Particolarmente influente era stato il suo Il Principio Cosmologico Antropico, scritto a 4 mani con Frank Tipler nel 1986 prima che quest’ultimo si spostasse su posizioni eclettiche e bizzarre, tradotto in italiano da Adelphi nel 2002. Barrow ebbe il merito di riunire tutti i risultati e le suggestioni che a partire dalle prime intuizioni di Dirac degli anni 30’ del secolo scorso fino a Bradon Carter e Martin Rees nei decenni passati, sottolineavano la inusuale e accurata sintonia (fine tuning) delle costanti di natura, quasi “scelte” in modo opportuno per dare origine ad ambienti adatti ad ospitare la vita. Un’osservazione esposta con rigore, che separava con intelligenza quanto apparteneva al “Principio antropico debole”, basato su dati scientifici, da quanto apparteneva invece a speculazioni filosofiche, fuori della portata della scienza, da Barrow e Tipler denominate “Principio antropico forte”.

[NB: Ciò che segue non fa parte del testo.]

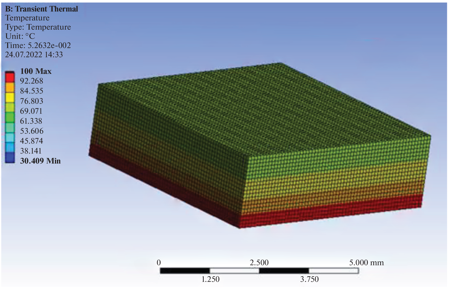 A study was made of a thermal interface based on a two-dimensional allotropic modification of carbon (graphene), presented in the form of a powder, for cooling integrated circuits. Such physical properties of the thermal interface as thermal conductivity, heat capacity, thermal diffusivity, and density are determined by the empirical method. The process of heat transfer in the most efficient thermal interface sample during the operation of integrated circuits in the ANSYS engineering analysis system is presented. The prospects of using pressed graphene powder as a thermal interface in order to eliminate the use of a binder are described. The paper also makes a comparison with the most effective type of thermal interfaces currently in use.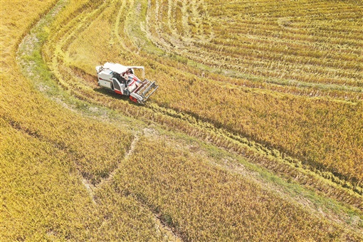 7月29日,新田县三井镇小坪塘村,农机手驾驶农机在收割早稻。时下,新田县14.1万亩早稻陆续进入收割期,机械化作业成为金色田野里一道亮丽风景。近年来,该县加大水稻农业机械化推广力度,全县机耕率达99.3%。 钟伟锋 摄

Le biografie e i necrologi battuti in queste ore dalle più note agenzie elencano i premi ricevuti, i numerosi riconoscimenti, i ruoli internazionali ricoperti. Fra questi il Premio Templeton, che Barrow aveva vinto nel 2006 e il Premio Faraday della Royal Society nel 2008, la nomina a membro della Pontificia Accademia delle Scienze nel febbraio del 2020. Invitiamo i nostri lettori a prendere visione del necrologio preparato dalla Fondazione Templeton. John Barrow lascia un grande vuoto. Ma anche una grande eredità. Seguendo il suo esempio, ricercatori profondi e rigorosi si sentiranno più incoraggiati a porre la cosmologia in dialogo con le domande ultime, quelle che aprono anche verso il Fondamento e il senso del tutto, senza temere di uscire dal seminato o di essere giudicati come metafisici improvvisati. John ha mostrato queste aperture con rigore, con intelligenza, con senso estetico. Gliene siamo grati e faremo tesoro delle sue lezioni che, certamente, ci mancheranno.